Messed-up maple syrup: Crafty tactics complicate Canada's fight to stop illegal drugs at the border
CBC
The Canadian border agency is in a constant game of cat-and-mouse with criminal organizations that are trying to import dangerous narcotics as well as the ingredients for fentanyl — sometimes through "creative" means, says a senior border official.
In an interview with CBC's The House as part of the program's ongoing coverage of the toxic drug crisis, Aaron McCrorie, vice-president of intelligence and enforcement at the Canada Border Services Agency (CBSA), said officers have seen a wide variety of "innovative" methods to smuggle drugs.
"We see shipments being concealed in in machine parts. Being dissolved in liquids and being shipped as maple syrup, for example. Being hidden in baking tools," McCrorie told host Catherine Cullen.
"It's an ever-evolving game where we're constantly looking at new and different tactics to smuggle drugs into the country or out of the country."
An average of 21 people die every day in Canada from the toxic drug crisis. Fentanyl, a powerful synthetic opioid, is involved in many of those deaths.
But a significant portion of the fentanyl in Canada — or the substances used to manufacture them — have their origins overseas.
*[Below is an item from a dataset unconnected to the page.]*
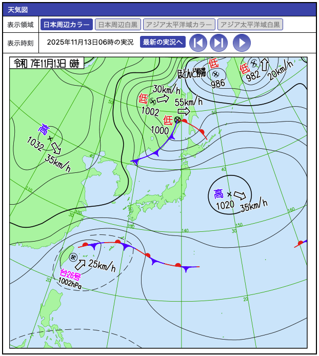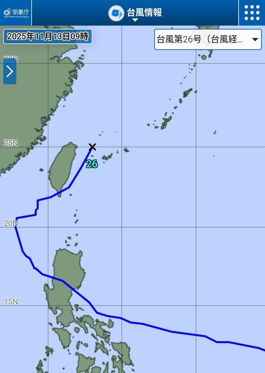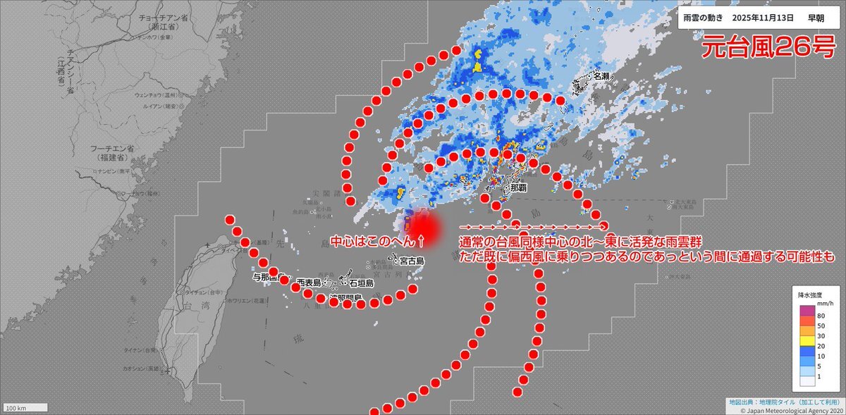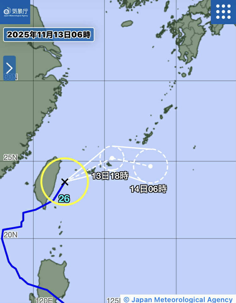 【台風情報】 11月13日(木)9時に台風26号(フォンウォン)は温帯低気圧に変わりました。 沖縄付近に停滞する前線の活動は引き続き活発になっていて、沖縄や奄美、種子島・屋久島などは今夜にかけて非常に激しい雨に警戒が必要です。 weathernews.jp/news/202511/13…

According to the CBSA, 496 grams of fentanyl was seized in the first half of this year, along with nearly 31,000 kilograms of other narcotics, drugs and chemicals over the first two quarters of 2023.
Two milligrams of fentanyl is considered a lethal dose.
Among the tools used by CBSA in its work to stop the influx of drugs are dog sniffer teams, like the one visited by The House at the Lansdowne border crossing in eastern Ontario.
Speaking with Cullen, McCrorie reiterated what The House heard from the RCMP earlier this month: that criminal organizations in Canada produce fentanyl both for domestic consumption and to sell abroad.
Key markets for Canadian fentanyl include the United States, Australia, New Zealand and Japan, law enforcement officials say.
CBSA is charged with intercepting the shipments, whether they're being imported or exported.
"The challenge for us is they're constantly changing," McCrorie said.
"We're constantly on the lookout for new and different ways of concealment, sharing that information with their frontline staff and folks like our dog team so that they can successfully interdict drug shipments coming into the country."